In foreground backup, for each file system the number of files to be backed up and the estimated amount of time is displayed. As each file system backup progresses the percentage completed and the total time is displayed (see Figure 2).

For each file system, the number of files to back up is determined (line 154); the cpio command is executed in the background with the no rewind device. The while loop (lines 161 - 214) continues until the background cpio command completes (line 165) and the next file system is backed up.

Within the while loop, the following variables are calculated and displayed:

HOW_MUCH -- This is how many files have actually been backed up. The number is obtained by checking the line count in cpio's output file (line 170). For users of HP-UX: the cpio command creates an extra output line stating the reel number being used. This bumps the number of files done by 1.

PERCENT -- This is just percentage completed as determined by an awk script (line 176).

TIME_SO_FAR -- This is the amount of minutes between the system time and when this file system started backing up. The starting and present time are determined by the date command (lines 157 and 182) as the number of days, hours, and minutes since the first of the month. The awk script (line 185) accepts the start time and now strings, splits them into two arrays of three elements each using an awk internal function call, and then does the calculation. Be aware that awk arrays have a character index. For more information, see The AWK Programming Language. Notice the two arguments to the awk script are in quotes. If they weren't, the two arguments would be six.

ETTC -- This is the estimated time to completion determined by another awk script (line 199). This is a gross approximation since the awk script assumes that each file takes the same amount of time to backup. Surprisingly, when backing up hundreds of megabytes this approximation is close.

Background Backup

If the backup is running in the background or from cron (lines 226 - 237), each file system is backed up without displaying file and time information.

Report Section

After the backup is complete, each file system is displayed with its approximate size; the total approximate size in megabytes, the total time in hours, and the average rate in magabytes/hour are also displayed (lines 242 - 282). If the backup had been run from cron, the output of the report would have been mailed to the cron user (usually root). Figure 3 shows a sample report.

If the kernel has been defined in the configuration file, the script then backs up the kernel and rewinds the tape. If not, it simply rewinds the tape (lines 287 - 292). For HP-UX users: the cpio command refuses to back up the kernel, so we recommend eliminating the kernel definition from the configuration file.

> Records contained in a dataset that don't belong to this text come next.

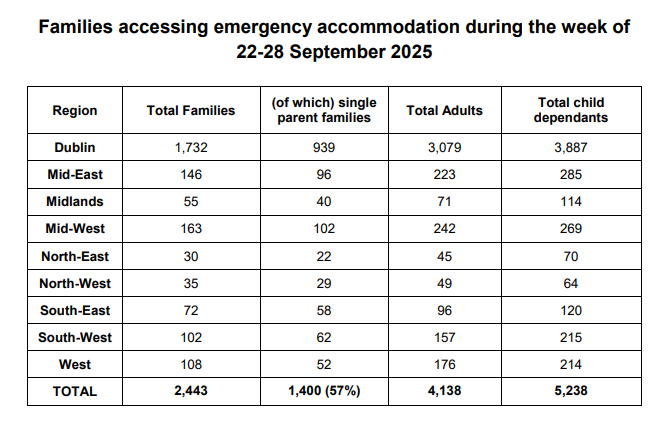 35 families have registered as homeless in the North West, up one on August, while the number of dependent children in need of accommodation, meanwhile, is down one to 64.
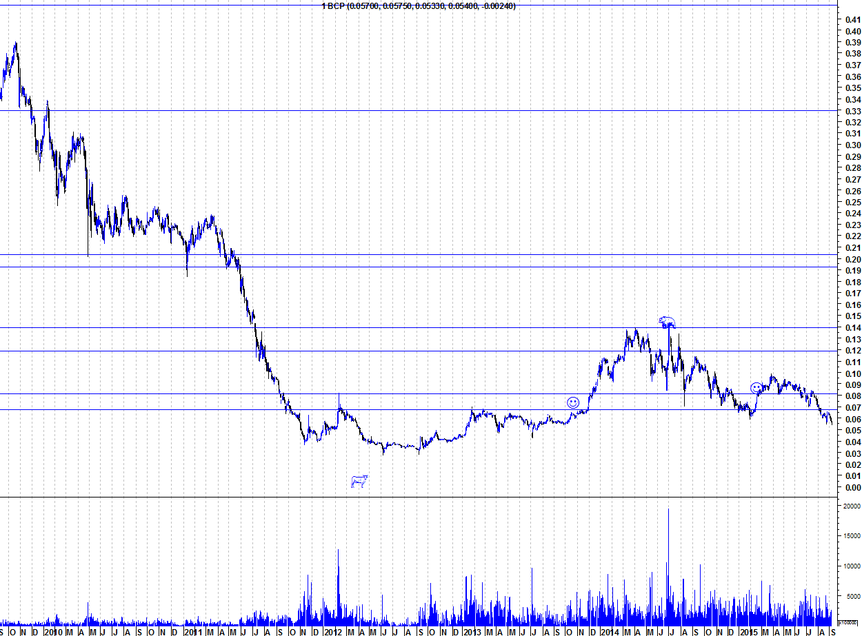 Em 30/08/2014, o BCP tinha fechado a 0,1035:
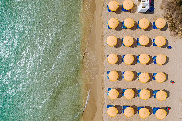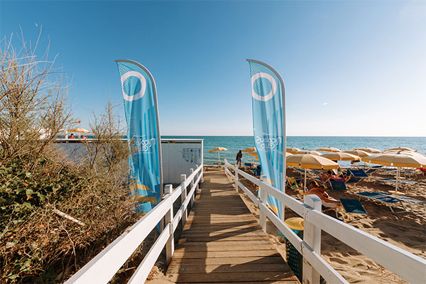 Di sabbia fine, insignita della Bandiera Blu 2024, con lido privato e attrezzato con ombrelloni e lettini a circa 150 metri, raggiungibile a piedi percorrendo la zona servizi e attraversando una stradina secondaria sterrata che costeggia il litorale. A 50 metri, oltre la duna all'interno della struttura, beach bar, docce e servizi igienici. Disponibilità di sedia Job per ospiti con difficoltà motorie.
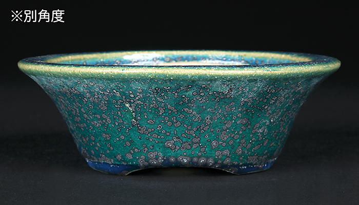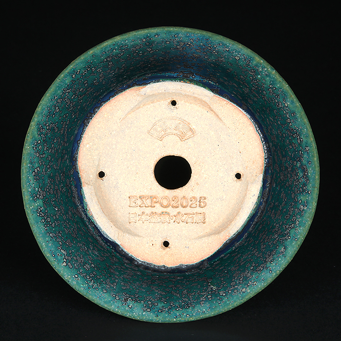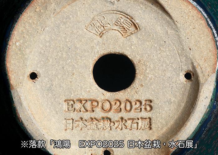 EXPO2025大阪・関西万博期間中の5月に、万博会場で開催された「日本盆栽・水石展」。このイベント開催を記念し、常滑の人気作家・鴻陽が記念鉢を製作した。以下に紹介した作品群がその記念鉢で、釉薬鉢の名手である鴻陽ならではの窯変が美しい仕上がりである。すべての作品に記念鉢を証明する「EXPO2025 日本盆栽・水石展」の落款が捺されており、本誌では各作品1名ずつの限定発売。
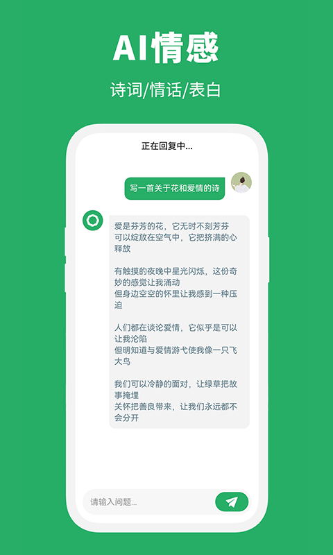 3.满足所有用户的AI使用需求,一键AI表白,让智能机器人进行诗词、情话、表白,支持多种的聊天模式。
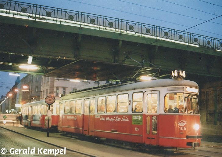 Sie zeigen den Zug 105 + 1808 bei der Station Lerchenfelder Straße U
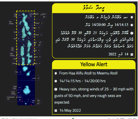 ރާއްޖޭގެ މޫސުމް ގޯސްވުމާއި ގުޅިގެން މިއަދުވެސް ބޯކޮށްވާރޭވެހި ވައިގަދަވާނެކަމަށް ލަފާކޮށް މުސުމާއިބެހޭ އިދާރާއިން ވަނީ ހއ. އިން ފެށިގެން މ އަތޮޅާއިހަމަޔަށް ރީނދޫ ސަމާލު ނެރެފައެވެ.
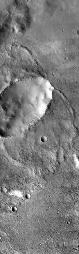 In the heavily cratered southern highlands of Mars, the type of crater seen in this THEMIS visible image is relatively rare. Elliptical craters with "butterfly" ejecta patterns make up roughly 5% of the total crater population of Mars. They are caused by impactors which hit the surface at oblique, or very shallow angles. Similar craters are also seen in about the same abundance on the Moon and Venus.
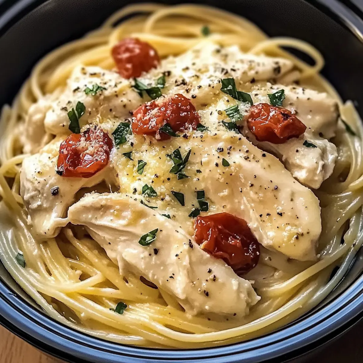 - Serve cooked pasta with the creamy shredded chicken mixture on top, garnished with parsley and Parmesan.
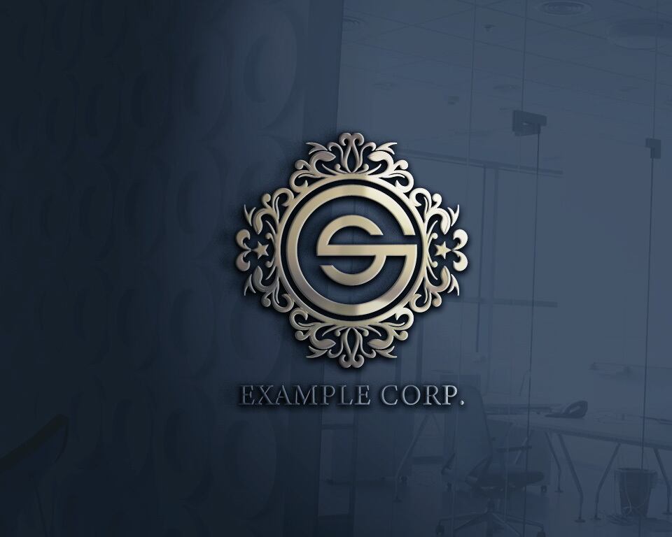輝く黄金の装飾フレームに囲まれた、スタイリッシュなGとSのモノグラムロゴです。流れるような曲線と緻密な装飾が、洗練さと高級感を演出します。歴史的な雰囲気も感じさせ、プレステージを高めます。
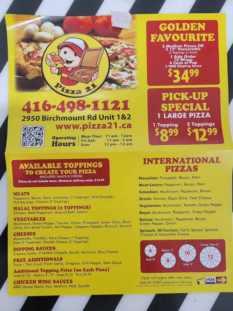 Welcome to Pizza 21, an exceptional pizza destination nestled at 2950 Birchmount Rd in Toronto. This spot has quickly become a favorite among locals for its outstanding flavor and value. What sets Pizza 21 apart are its generous portions and commitment to quality. Customers rave about the unique blend of flavors in their pizzas, as well as their signature dish: the Panzerotti, which is generously loaded with toppings.
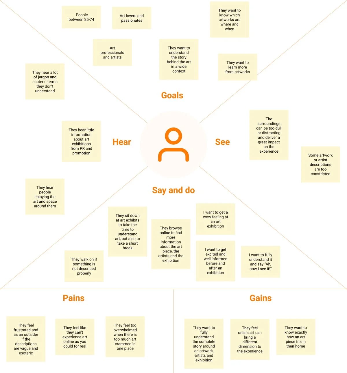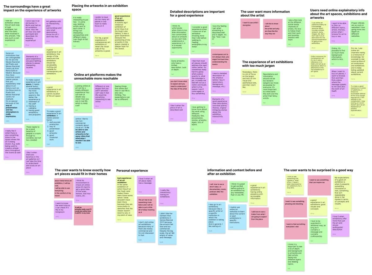 We want to learn more about the needs, problems, and perspectives of the user. In order to do that we chose to do qualitative research in the form of user interviews. We created a user interview guide and started interviewing 5 different people varying from art lovers to art professionals with ages between 28–69. Having gathered a lot of useful information, here are a couple of the User’s Quotes that sum it up quite nicely:

If the postprocess.bu file exists in the program directory, each line in the file is executed by the shell (lines 297 - 303). Once again, if these commands are related to performing some function, they should be in a shell script of their own.

The restore.bu Script

Executing restore.bu

Once a fast backup tape has been created, you need a method of accessing the tape. restore.bu provides that method. When executing restore.bu, you'll use the same configuration file as for fast.bu:

restore.bu -c /usr/bu/backup/config 

Once configuration is completed, restore.bu rewinds the tape to the physical beginning and restores the directory file, tape.directory, from volume 0 (lines 94 - 96). The UNIX print format command, pr, creates two temporary files that are used to maintain and display the tape file systems (lines 98 - 99).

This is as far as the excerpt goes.